--- Information provided ---

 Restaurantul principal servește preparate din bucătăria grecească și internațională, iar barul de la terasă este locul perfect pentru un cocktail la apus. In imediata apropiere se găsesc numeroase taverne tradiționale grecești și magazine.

---
--- Information provided ---

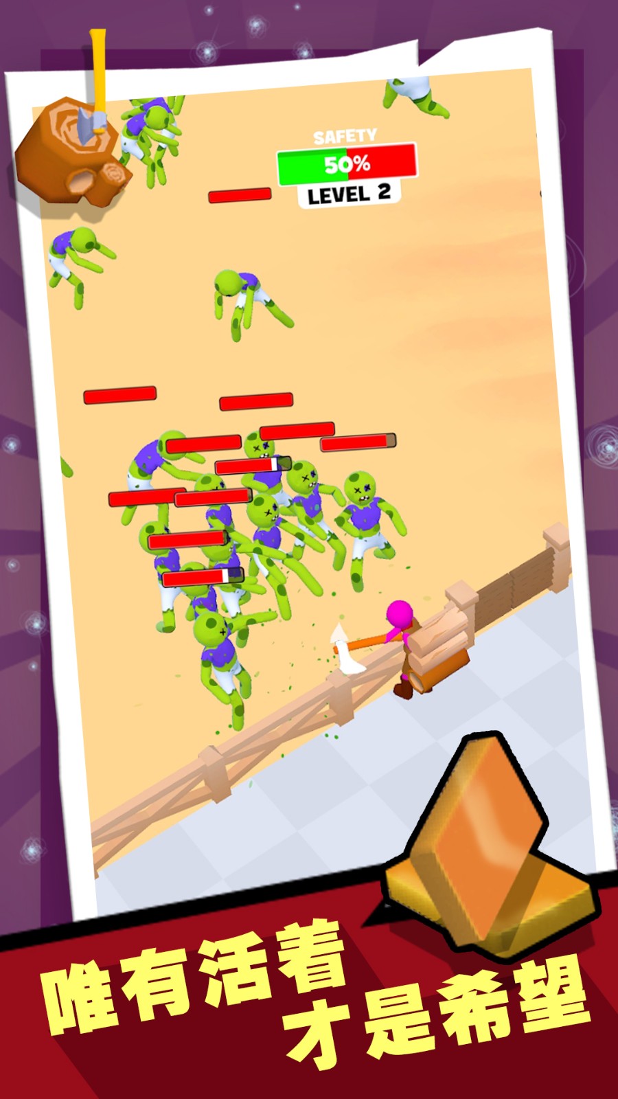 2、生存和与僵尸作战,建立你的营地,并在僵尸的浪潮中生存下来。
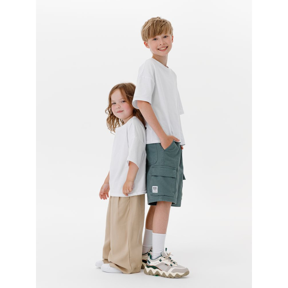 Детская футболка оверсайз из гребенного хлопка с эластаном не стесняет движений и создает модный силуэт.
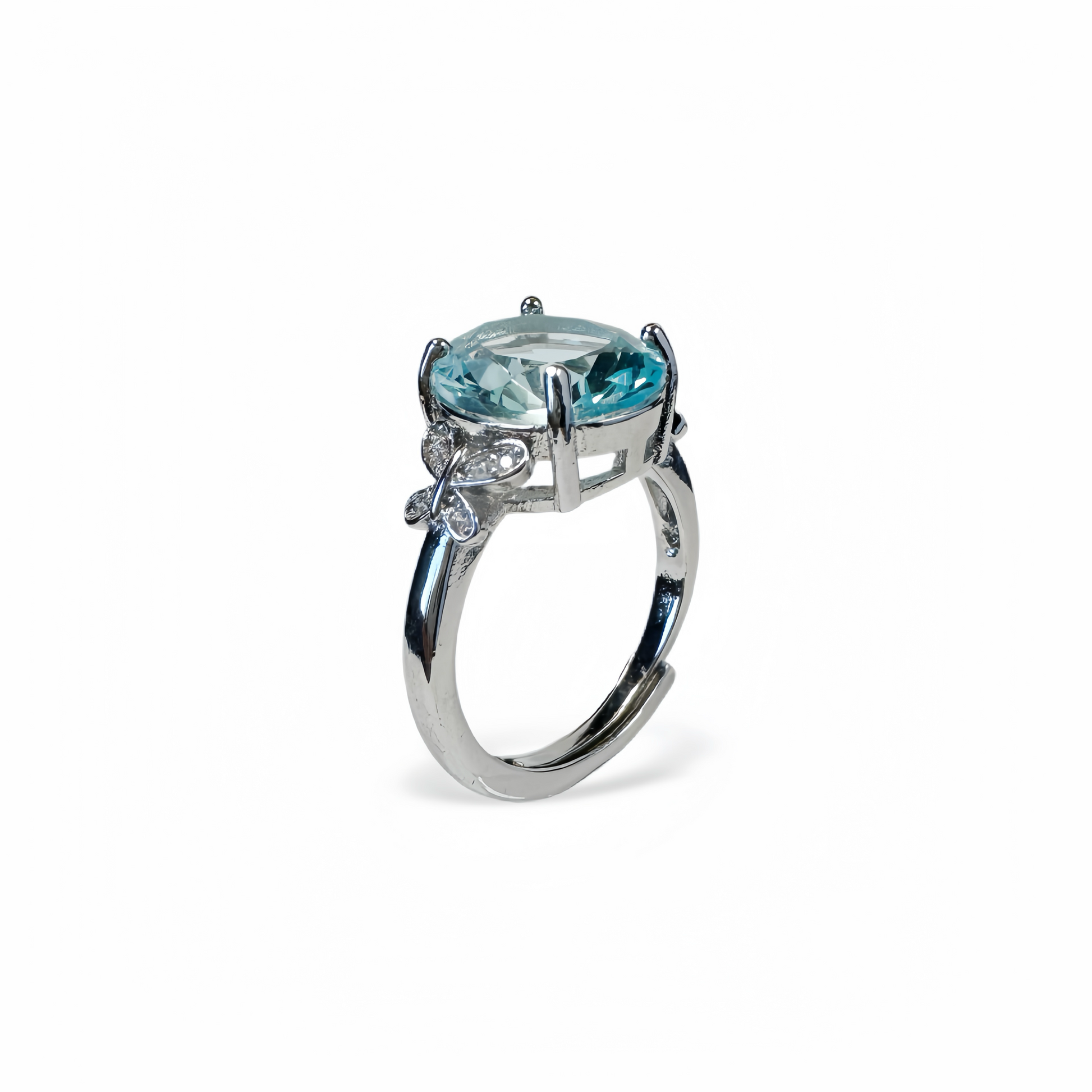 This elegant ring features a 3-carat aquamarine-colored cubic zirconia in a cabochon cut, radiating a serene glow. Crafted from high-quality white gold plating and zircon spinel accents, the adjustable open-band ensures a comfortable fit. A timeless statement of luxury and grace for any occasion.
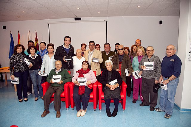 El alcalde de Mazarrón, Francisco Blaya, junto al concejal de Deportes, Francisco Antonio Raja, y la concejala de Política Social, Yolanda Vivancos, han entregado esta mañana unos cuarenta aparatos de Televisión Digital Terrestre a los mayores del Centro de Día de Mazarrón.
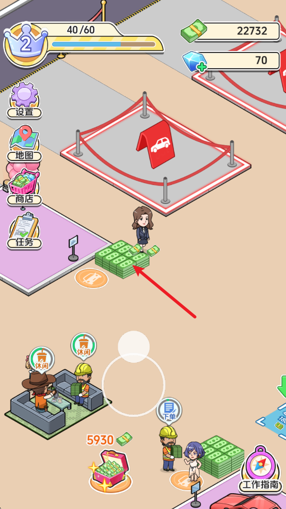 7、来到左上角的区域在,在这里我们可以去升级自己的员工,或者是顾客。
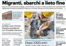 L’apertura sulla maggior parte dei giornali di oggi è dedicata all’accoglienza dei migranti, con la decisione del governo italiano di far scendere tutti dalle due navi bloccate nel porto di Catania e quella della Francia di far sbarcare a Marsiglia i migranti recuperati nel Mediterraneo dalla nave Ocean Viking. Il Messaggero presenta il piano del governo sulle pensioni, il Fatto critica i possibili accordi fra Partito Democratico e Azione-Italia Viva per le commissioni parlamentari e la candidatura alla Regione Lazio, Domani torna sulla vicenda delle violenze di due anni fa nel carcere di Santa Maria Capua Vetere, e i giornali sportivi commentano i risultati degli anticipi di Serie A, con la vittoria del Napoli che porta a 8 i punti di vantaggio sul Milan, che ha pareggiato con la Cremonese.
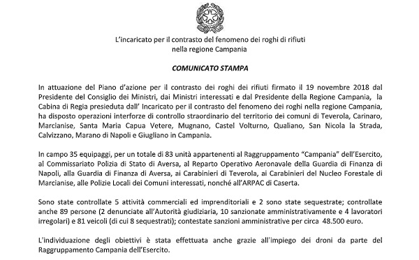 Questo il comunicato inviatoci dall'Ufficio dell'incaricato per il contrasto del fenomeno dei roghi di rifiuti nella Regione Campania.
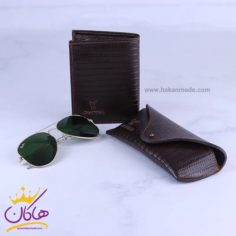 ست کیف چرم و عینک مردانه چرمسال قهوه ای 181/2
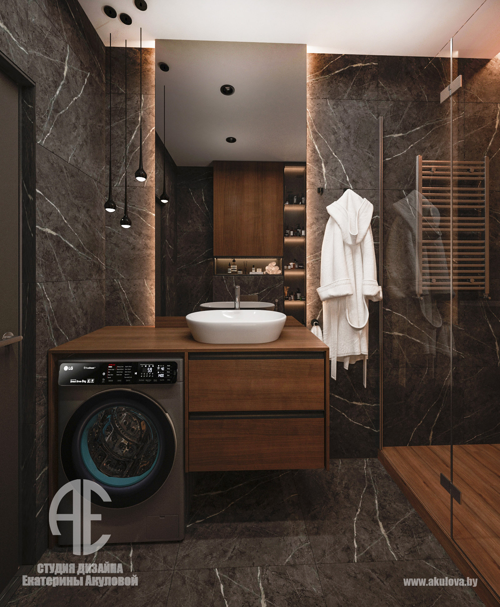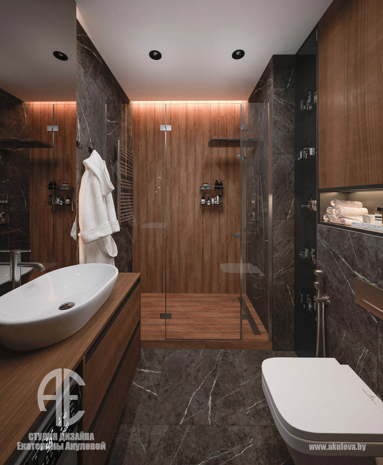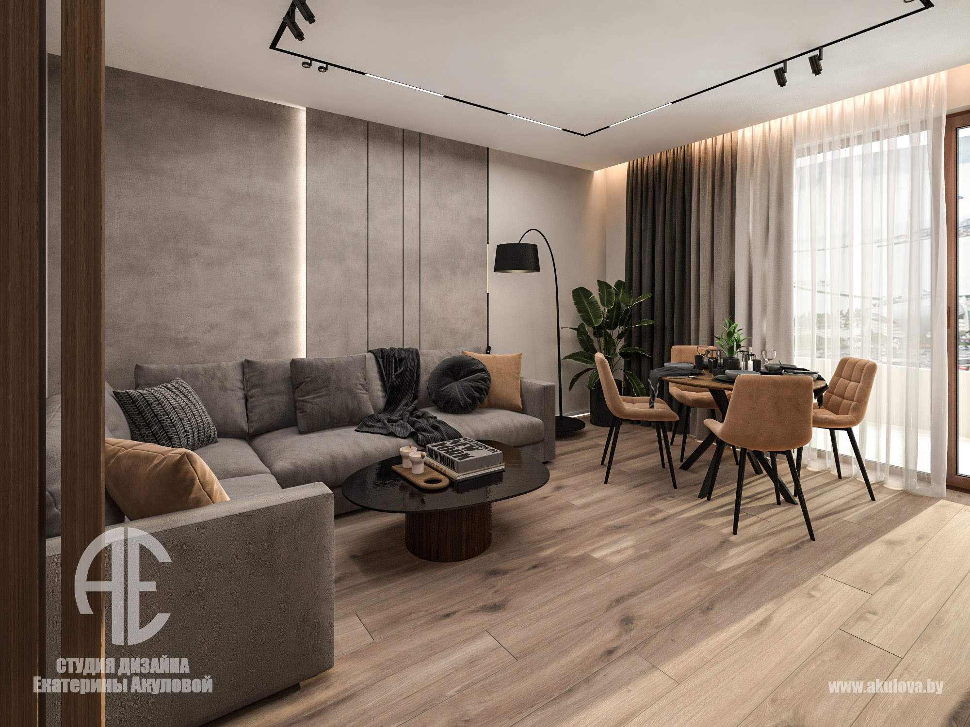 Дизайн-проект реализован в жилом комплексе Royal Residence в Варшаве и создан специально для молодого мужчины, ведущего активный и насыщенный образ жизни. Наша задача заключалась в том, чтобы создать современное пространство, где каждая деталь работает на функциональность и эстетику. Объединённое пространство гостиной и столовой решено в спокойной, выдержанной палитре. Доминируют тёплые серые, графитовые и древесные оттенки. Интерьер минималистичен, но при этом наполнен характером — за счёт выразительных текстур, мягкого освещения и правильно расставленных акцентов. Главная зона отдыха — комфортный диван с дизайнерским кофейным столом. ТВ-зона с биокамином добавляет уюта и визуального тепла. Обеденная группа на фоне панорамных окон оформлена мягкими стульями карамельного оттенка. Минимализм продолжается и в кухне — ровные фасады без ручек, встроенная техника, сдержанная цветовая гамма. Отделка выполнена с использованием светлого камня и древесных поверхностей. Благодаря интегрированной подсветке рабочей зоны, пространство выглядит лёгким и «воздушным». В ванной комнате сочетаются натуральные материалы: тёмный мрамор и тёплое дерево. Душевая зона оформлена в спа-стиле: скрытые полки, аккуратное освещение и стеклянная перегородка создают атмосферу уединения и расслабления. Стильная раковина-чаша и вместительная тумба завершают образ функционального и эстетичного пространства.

---

Exercise requirements
In the entries above, find the line containing "El alcalde de" and the line containing "Questo il comunicato"; give again exactly those two lines and every line between them, minus the pictures.

Output of the exercise
 El alcalde de Mazarrón, Francisco Blaya, junto al concejal de Deportes, Francisco Antonio Raja, y la concejala de Política Social, Yolanda Vivancos, han entregado esta mañana unos cuarenta aparatos de Televisión Digital Terrestre a los mayores del Centro de Día de Mazarrón.
 7、来到左上角的区域在,在这里我们可以去升级自己的员工,或者是顾客。
 L’apertura sulla maggior parte dei giornali di oggi è dedicata all’accoglienza dei migranti, con la decisione del governo italiano di far scendere tutti dalle due navi bloccate nel porto di Catania e quella della Francia di far sbarcare a Marsiglia i migranti recuperati nel Mediterraneo dalla nave Ocean Viking. Il Messaggero presenta il piano del governo sulle pensioni, il Fatto critica i possibili accordi fra Partito Democratico e Azione-Italia Viva per le commissioni parlamentari e la candidatura alla Regione Lazio, Domani torna sulla vicenda delle violenze di due anni fa nel carcere di Santa Maria Capua Vetere, e i giornali sportivi commentano i risultati degli anticipi di Serie A, con la vittoria del Napoli che porta a 8 i punti di vantaggio sul Milan, che ha pareggiato con la Cremonese.
 Questo il comunicato inviatoci dall'Ufficio dell'incaricato per il contrasto del fenomeno dei roghi di rifiuti nella Regione Campania.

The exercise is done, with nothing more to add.